Да, именно ее болезнь и последующая бедность уберегла детей от многого. У них за это время появилась невероятная ответственность друг за друга и за мать, а кроме того, они знали: денег в семье нет и взять пока неоткуда, поэтому ни о каком кайфе речи идти не может. Они много говорили тогда друг с другом. Саша видела, насколько больше всего ужасного знают ее дети по сравнению с тем, что знала она в их возрасте. Она не пугалась этому знанию. Пусть так. Все изменилось, их детство кончалось раньше. Блаженная слепота становилась губительной.
Почему-то смерть принялась косить и вполне молодых женщин в возрасте около сорока лет. Не учли, да и не собирались учитывать творцы уникальной методики, годной только для терпеливой России, – шоковой терапии, что от шока, бывает, умирают. И – бывает – довольно часто. Так и происходило. Напуганные обещаниями «не пережить зиму» женщины испытывали, не признаваясь в этом самим себе, жесточайший стресс, который у многих перерос в смертельные заболевания. Безвременно уходили Сашины студенческие подружки, одноклассницы.
И вроде сами по себе… И вроде никто не убивал… Cлаба€чками оказались…
А тут подкатила новая беда. Упившийся (и в прямом, и в переносном смысле) «военной победой» 1993 года лидер демократии не умел обеспечить мирную жизнь в своей стране. Началась чеченская война.

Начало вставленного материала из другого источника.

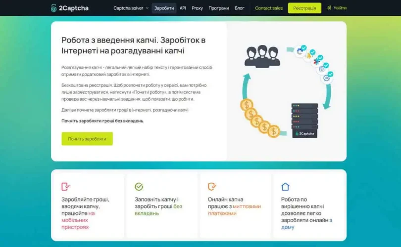 - 0,14 – 1,00 $ за 1000 розв’язаних CAPTCHA (залежить від типу та складності).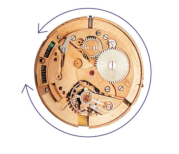 兩個鉑金長形方塊取代了一般自動盤的作用,隨著手部姿勢可以在軌道上左右移動,藉此進行上鍊。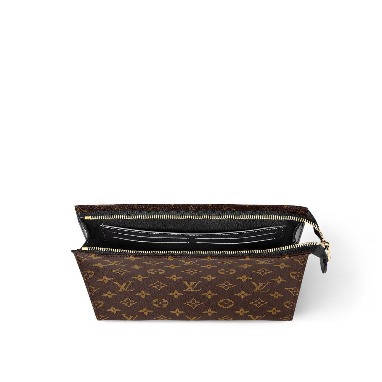 The Poche Toilette offers a convenient, stylish way to carry personal necessities. Crafted in Louis Vuitton’s timeless Monogram canvas and fine black cowhide with a gold-finish zipper, it emanates quality and sophistication. More than just a toiletry bag, its ingenious design incorporates four card slots plus a patch pocket for papers. Ideal for today’s mobile lifestyles.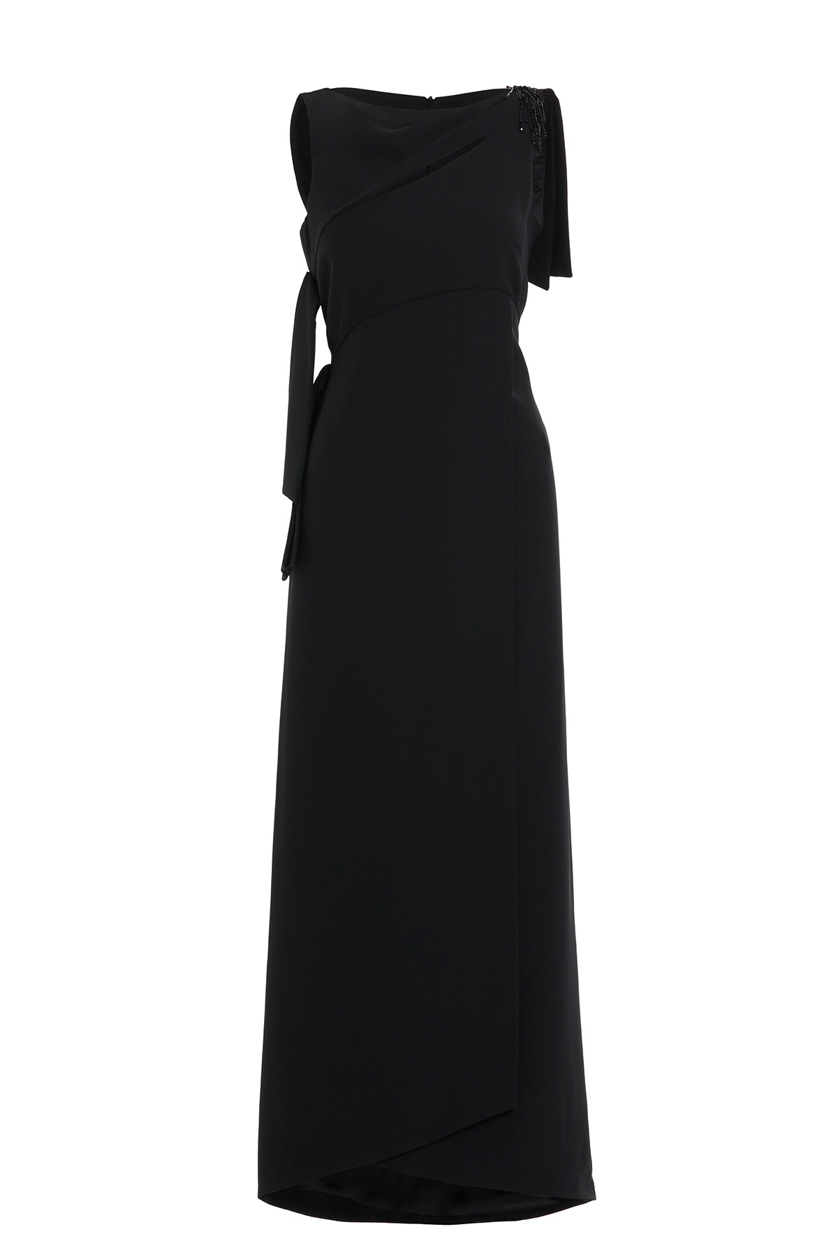 Omuz Üstü Fiyonk Detaylı Astarlı Uzun Siyah Elbise Omuz Üstü Fiyonk Detaylı Astarlı Uzun Siyah Elbise M4KM5K0501 48

Все получилось, как предсказал им тот инвалид-афганец во время Мишкиного дня рождения. О подрастающем поколении позаботились. Нашлись такие смелые и умелые. Вот уже Ромкины приятели, чуть-чуть только его постарше, отправились воевать в Чечню. Можно подумать, они или их матери этого хотели. Всю жизнь мечтали: дайте сразиться за правое дело. Ребята еле подросли в полуголодном мире девяностых. Воевать не готовились, ни против кого ничего не имели. И многим даже не сказали, куда их везут, известное дело. Привезли куда-то: здрассьте, вы в Чечне.
Возвращались оттуда ребята другими. Рассказывали страшные вещи, скрипели зубами. Вспоминали погибших друзей.
Однажды Саша с младшим сыном шли в гости, остановились у киоска цветочки купить. Вдруг Мишку кто-то тронул снизу за штанину, словно ребенок какой. Они глянули вниз: на них смотрел красивый парень, совсем молодой. Он сидел на низенькой инвалидской тележечке. Ног у него не было вообще. Попросил закурить. Саша ему, конечно, все, что были, деньги отдала. Мишка смотрел на него, как безумный. Просто стоял и смотрел. А парень рукой махнул и говорит: «Чечня, братишка».
Такие, брат, дела.
После этой встречи Саша особенно остро почувствовала, что родила детей на съедение государству. Почему-то Родина и государство в единое целое не складывались. Родина сидела в сердце – не отодрать, всеми тысячами ее древних предков. Государство затаилось и подстерегало зазевавшегося.
Была, была мысль уехать, глядя на то, как отъезжают другие. Ради детей. Да вот дети отказались наотрез:
– Еще чего! Это наша земля. Если мы уедем, кто здесь будет жить?